__WHAT NEEDS TO BE DONE__
Start to finish, print the data below exactly, without the images.

__RECORDED INFORMATION__
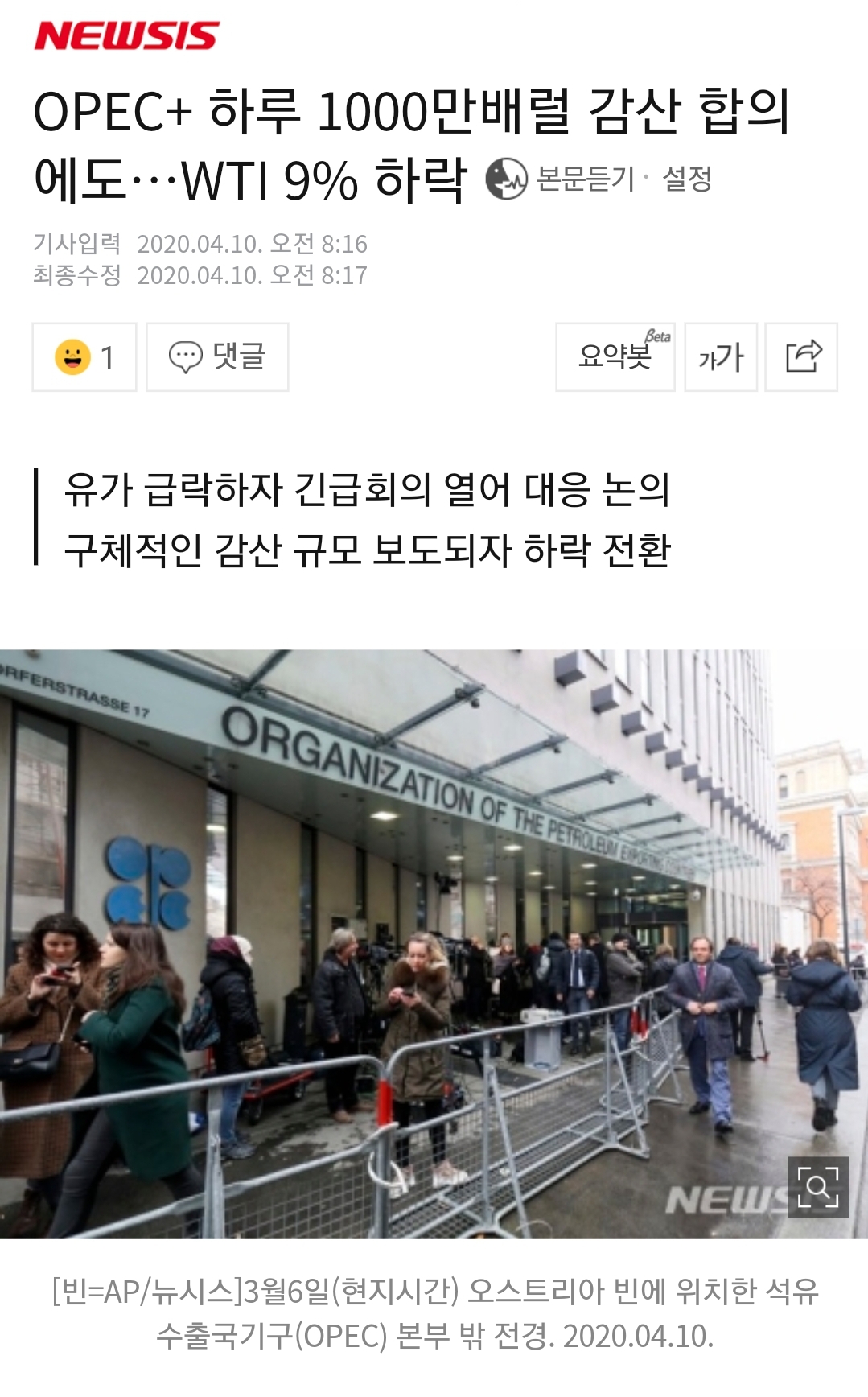 2000만 배럴 감산 기대였는데 1000만배럴로 낮추자
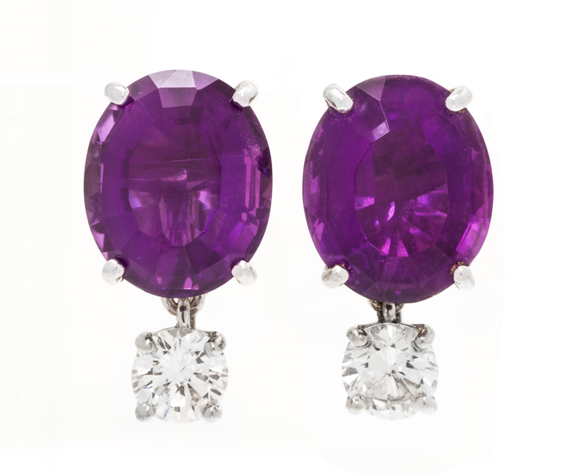 A Pair of White Gold, Amethyst and Diamond Earrings,
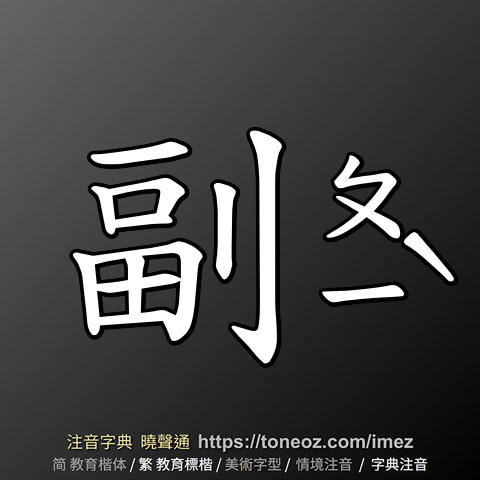 副,注音ㄈㄨˋ,拼音fù,辭典解釋為:1.職務是輔助的或擔任輔佐職務的人。例:副手、排副、副總統 2.附帶的。例:副作用、副產品 3.次要的。與「正」相對。例:副本、副業、副食品 4.符合、相稱。例:名副其實 5.量詞。計算成套、成組物品的單位。俗作「付」。例:一副碗筷、兩副耳環、三副眼鏡

__ANSWER SECTION__
 2000만 배럴 감산 기대였는데 1000만배럴로 낮추자
 A Pair of White Gold, Amethyst and Diamond Earrings,
 副,注音ㄈㄨˋ,拼音fù,辭典解釋為:1.職務是輔助的或擔任輔佐職務的人。例:副手、排副、副總統 2.附帶的。例:副作用、副產品 3.次要的。與「正」相對。例:副本、副業、副食品 4.符合、相稱。例:名副其實 5.量詞。計算成套、成組物品的單位。俗作「付」。例:一副碗筷、兩副耳環、三副眼鏡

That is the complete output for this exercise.